By day 19 the remaining can of turnips and the turtle meat had long gone and the young cabin boy, Parker, had started drinking seawater to alleviate his burning thirst. He was now lying in the bottom of the boat in a delirious state.
Wracked with hunger and despair, that night Thomas Dudley suggested they should draw lots to see who should be killed to provide food so the rest might live. Brooks wanted no part of it and told the others he thought they should all live or die together.
Dudley and Stevens discussed their options and felt as they were both married men with families to support, Parker should be the one as he was already close to death. The matter was settled.
Dudley prayed for forgiveness for what they were about to do, then as Stephens held Parker down, Dudley slit his throat with his knife. Brooks turned away covering his eyes with his hands but he could not block out the lad’s feeble cries for mercy.
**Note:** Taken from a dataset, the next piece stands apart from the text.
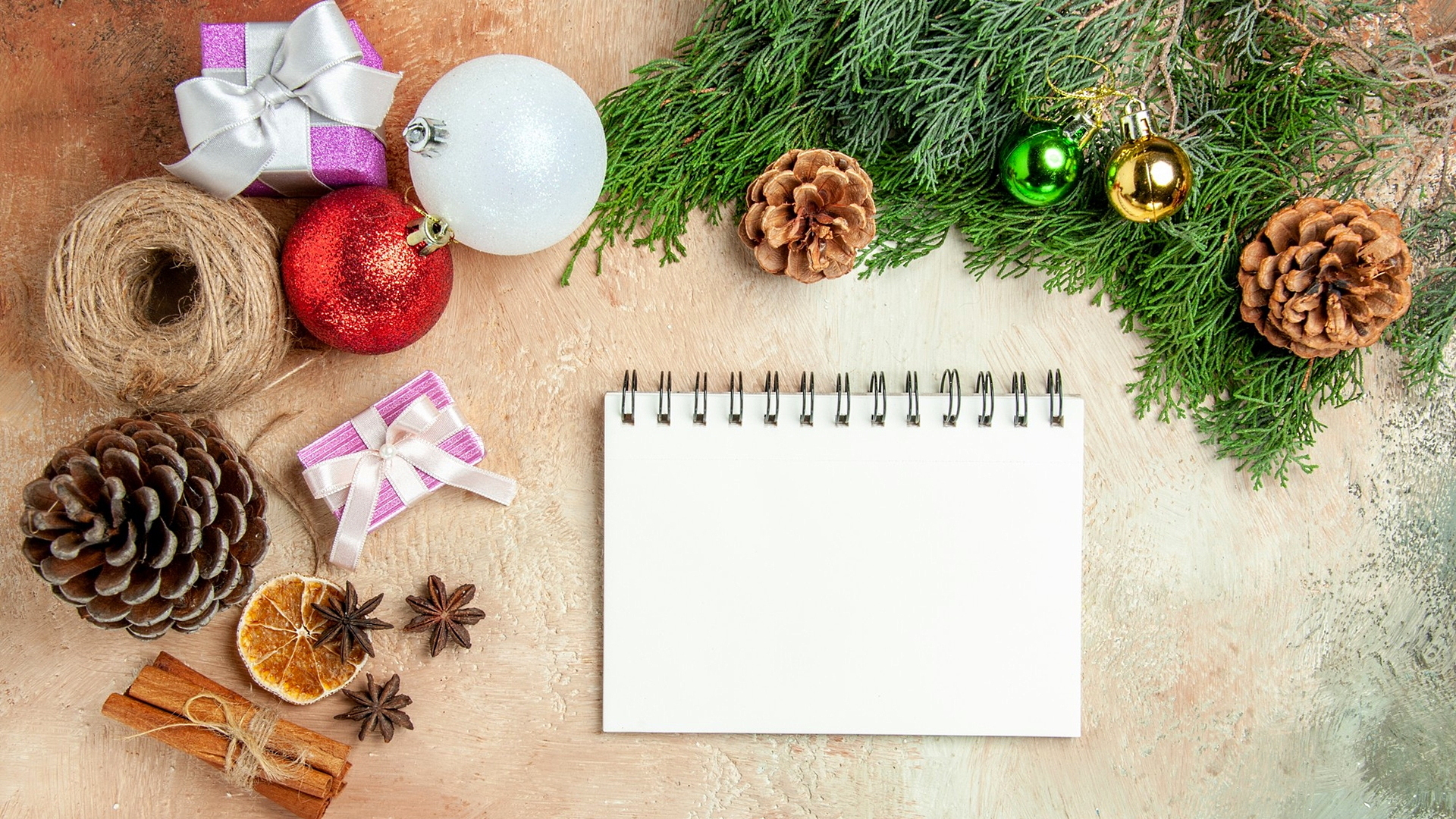 Edytor tapety: Notatnik pośród ozdób świątecznych

As Parker’s blood drained from his body, they caught it in an empty turnip tin and drank it. Brooks, despite his horror, was unable to resist taking his share.
The three men fed on Parker until they were rescued by the passing barque Montezuma, five days later.
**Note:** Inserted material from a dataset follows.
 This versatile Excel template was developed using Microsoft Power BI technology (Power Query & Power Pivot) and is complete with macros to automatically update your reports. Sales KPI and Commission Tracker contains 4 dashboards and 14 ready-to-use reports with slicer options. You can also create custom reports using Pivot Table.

When Captain Dudley returned to England he reported the loss of his vessel and the hardships they had endured afterwards, including the death of the delirious Parker.
As abhorrent as his actions were, he did not believe he had committed a crime. In his mind he had sacrificed one life to save three.
But, he and Stephens were remanded in custody to stand trial for the capital crime of Murder.
There was huge interest in the tragic story both in Britain and in Australia. Many people appeared sympathetic towards the Captain and his first mate. But there were also those who felt the pair acted prematurely in killing Parker who was already close to death anyway.
At their trial, Dudley and Stephens pleaded not guilty, their barrister arguing they acted in self-defence. He used the analogy that if two shipwrecked men were on a plank that would only support one, one or the other could be excused for pushing away the other man to drown. For, he argued, were both men to remain on the plank, both would perish.
The judge didn’t see things that way. In summing up the case, he told the jury:
“It was impossible to say that the act of Dudley and Stephens was an act of self-defence. Parker at the bottom of the boat was not endangering their lives by any act of his. The boat could hold them all, and the motive for killing him was not for the purpose of lightening the boat, but for the purpose of eating him, which they could do when dead, but not while living. What really imperilled their lives was not the presence of Parker, but the absence of food and drink.”
The jury found the pair guilty and the judge sentenced them to death but it appears there was little likelihood that the death sentence would ever be carried out. Even Parker’s family had forgiven the two men on trial.
After waiting on death row for six months, both sentences were commuted to time served and they were released from custody.
It was generally agreed that they had acted as they did under the extreme duress of being lost at sea for so long without food or water. No one felt that justice would be served by punishing the two men any further, for they had already suffered enough.